Content: The tablet is broken at bottom, one side, and perhaps also at the top, which is uneven. On the front side (recto), a probable man’s name is preserved in the first extant line, followed by the number 1. We read in the fragmentary second line ]ṇụ-o-wo[ , probably the end of another name (cf. the name ]ṛụ-o-wo on Knossos Sc 130). The back side (verso) is determined by the more slanting ductus of the signs, a point observed by J.L. Melena. It preserves a participial ending, attested at Knossos and Pylos as perfect active in form, with an intransitive-passive sense. The closest parallel is te-tu-ko-wo-a (‘fully finished’), attested at Knossos with reference to cloth (KN L 871.b, restored on KN X 7846), and in the variant te-tu-ko-wo-a2 at Pylos with reference to wheels (PY Sa 682). te-tu-]ko-wo-a is a plausible restoration on the Iklaina tablet, though of course not certain.

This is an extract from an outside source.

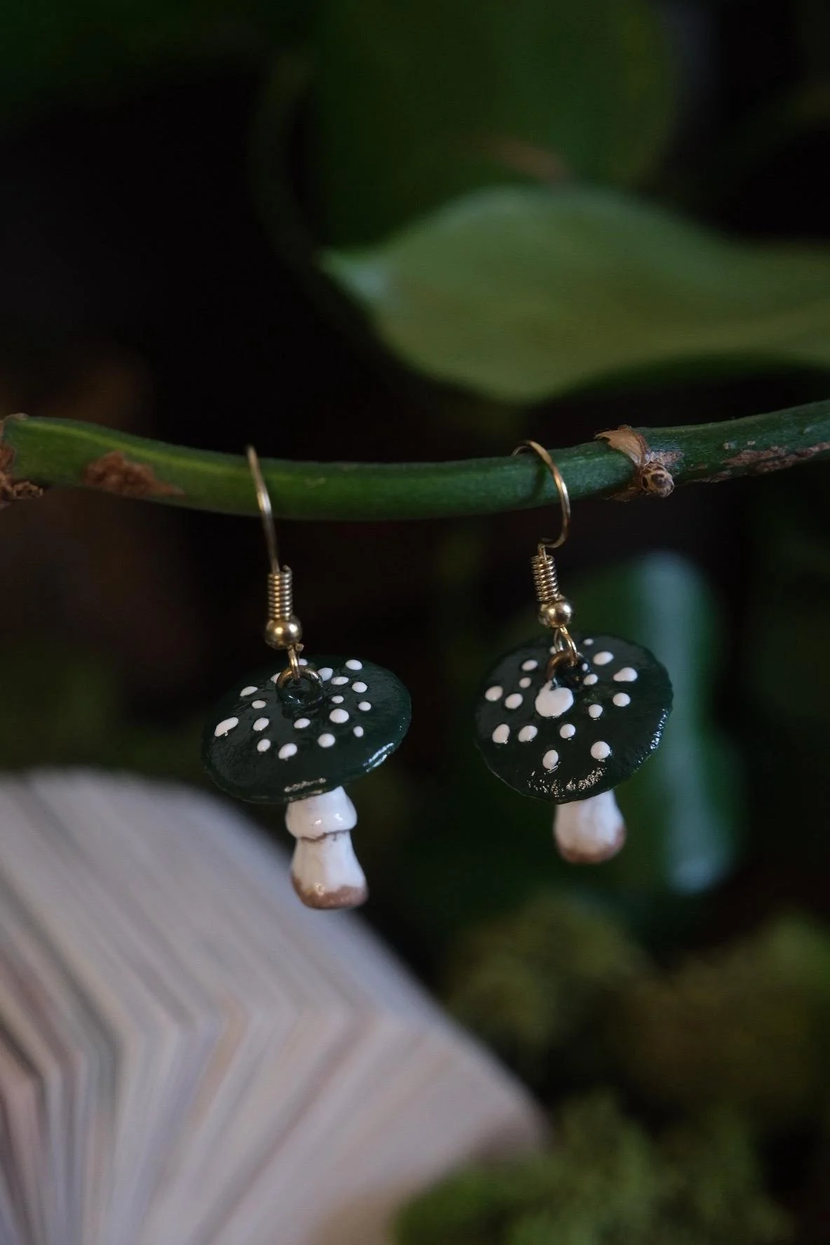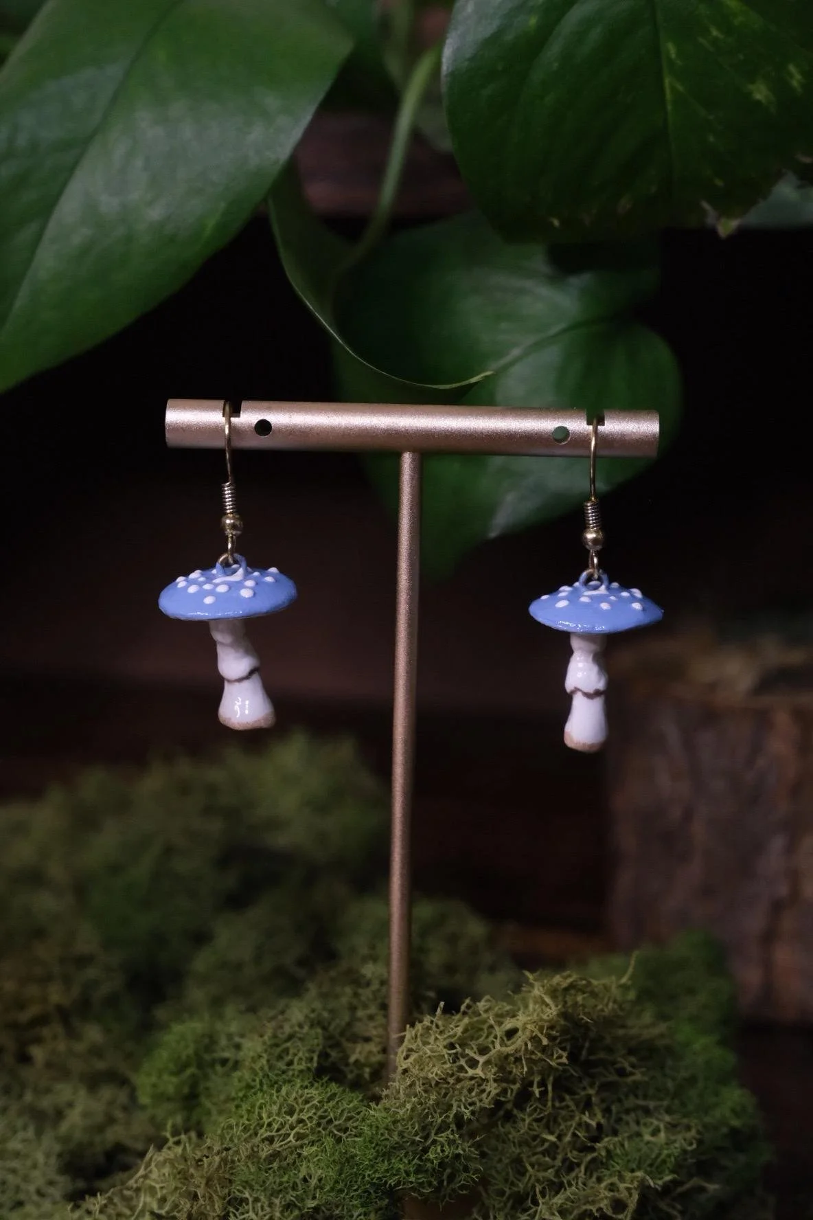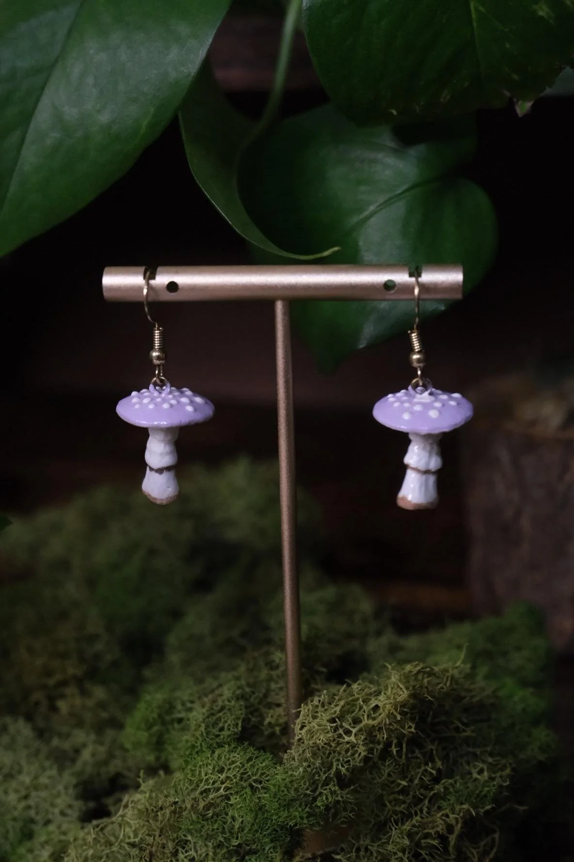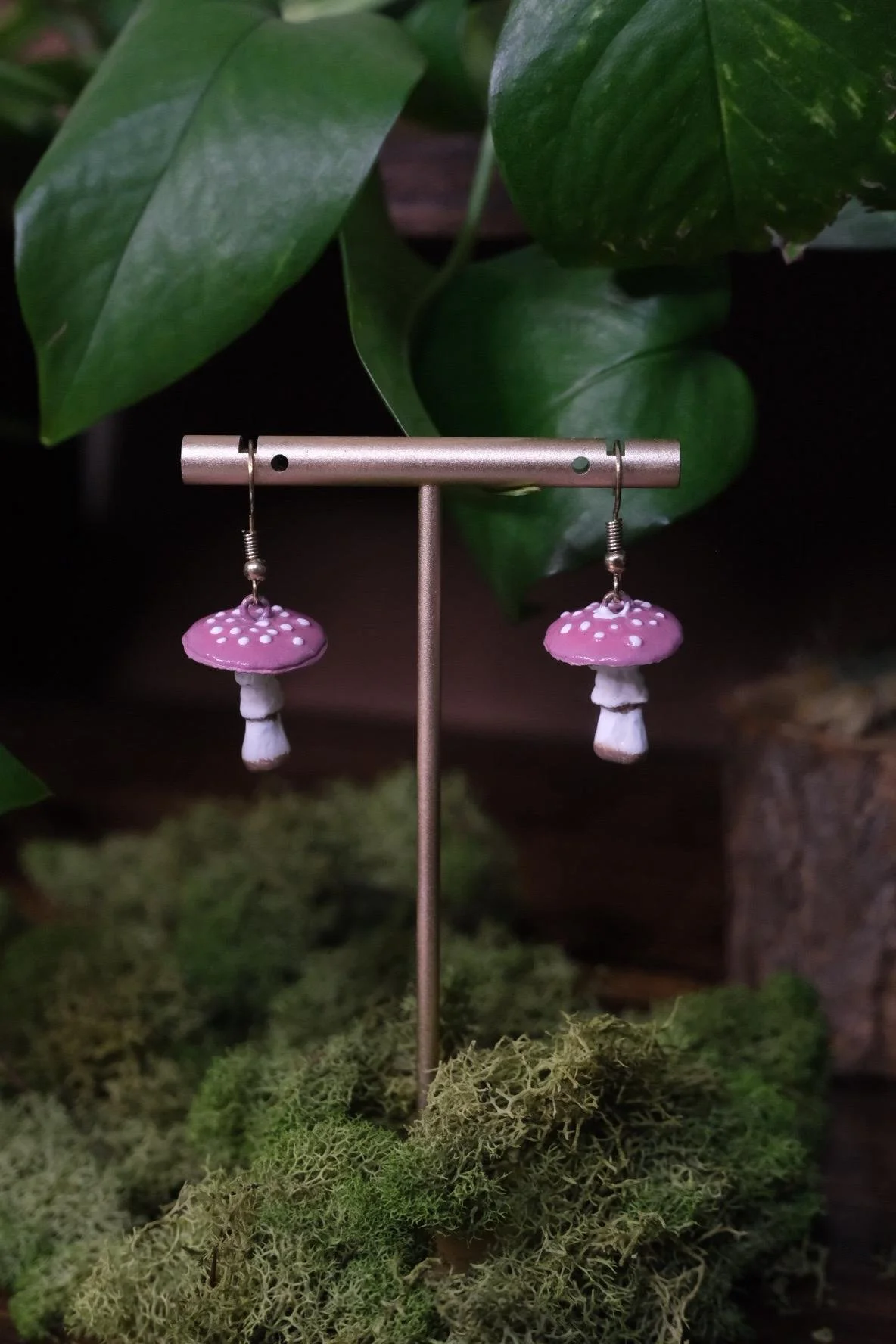 Each pair is sculpted and painted by hand, making every mushroom earring perfectly unique

Thus the tablet may present a personnel list on one side, and a verb form possibly linked to manufacturing on the other. The really interesting point is that this is the first tablet ever found at a secondary center in a Mycenaean state. We think that Richard Hope-Simpson and John Bennet are right in identifying Iklaina as the district capital a-pu2 (Alphys, vel sim.) in the Hither Province of Pylos. If the date of the tablet is not later than LH IIIA1/early LH IIIA2, as the evidence suggests, it represents either a phase of independent written accounting predating a Pylian takeover, or the very early stages of state bureaucracy. Either way, it opens a window into a state of administration barely attested at Pylos itself.